Hajj as a Shift against Racism: Malcolm X's Letter from Hajj

Many Muslims who have been blessed to make Hajj often speak of how the journey is a life-changing experience. This is more the case for some than others.

Malcolm X is one Muslim who saw the light of true Islam through his Hajj in April 1964. As a former member and speaker for the Nation of Islam, a black spiritual and nationalist movement, he believed that the white man was the devil and the black man superior.

After leaving the Nation of Islam in March 1964, he made Hajj, which helped change his perspective on whites and racism completely.

Here is an excerpt of a letter El Hajj Malik El Shabazz wrote about his Hajj experience. In it, he explains what it was during this blessed journey that made him so profoundly shift his perspective on race and racism:

"There were tens of thousands of pilgrims, from all over the world. They were of all colors, from blue-eyed blondes to black-skinned Africans. But we were all participating in the same ritual, displaying a spirit of unity and brotherhood that my experiences in America had led me to believe never could exist between the white and the non-white.
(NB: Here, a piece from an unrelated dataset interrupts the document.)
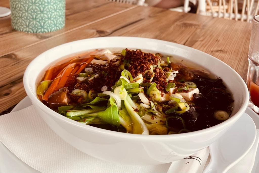 The modern menu is extensive and balanced, very well done. In addition to the 6 fish dishes and 6 meat dishes, you can also choose from 6 vegetarian dishes, such as the green curry, Taco with avocado, empanada with brie, ramen with tofu and Falafel with pita bread . The prices of the vegetarian dishes vary from 12.50 to 17.50. The fish dishes cost between 24.50 and 58 euros. The ordered ( vegan ) ramen with tofu is generously filled and tastes delicious!

You may be shocked by these words coming from me. But on this pilgrimage, what I have seen, and experienced, has forced me to rearrange much of my thought patterns previously held, and to toss aside some of my previous conclusions. This was not too difficult for me. Despite my firm convictions, I have been always a man who tries to face facts, and to accept the reality of life as new experience and new knowledge unfolds it. I have always kept an open mind, which is necessary to the flexibility that must go hand in hand with every form of intelligent search for truth.

During the past eleven days here in the Muslim world, I have eaten from the same plate, drunk from the same glass, and slept in the same bed (or on the same rug) -while praying to the same God with fellow Muslims, whose eyes were the bluest of the blue, whose hair was the blondest of blond, and whose skin was the whitest of white. And in the words and in the actions and in the deeds of the ‘white' Muslims, I felt the same sincerity that I felt among the black African Muslims of Nigeria, Sudan and Ghana.

We are  truly all the same - brothers.

All praise is due to Allah, the Lord of the worlds."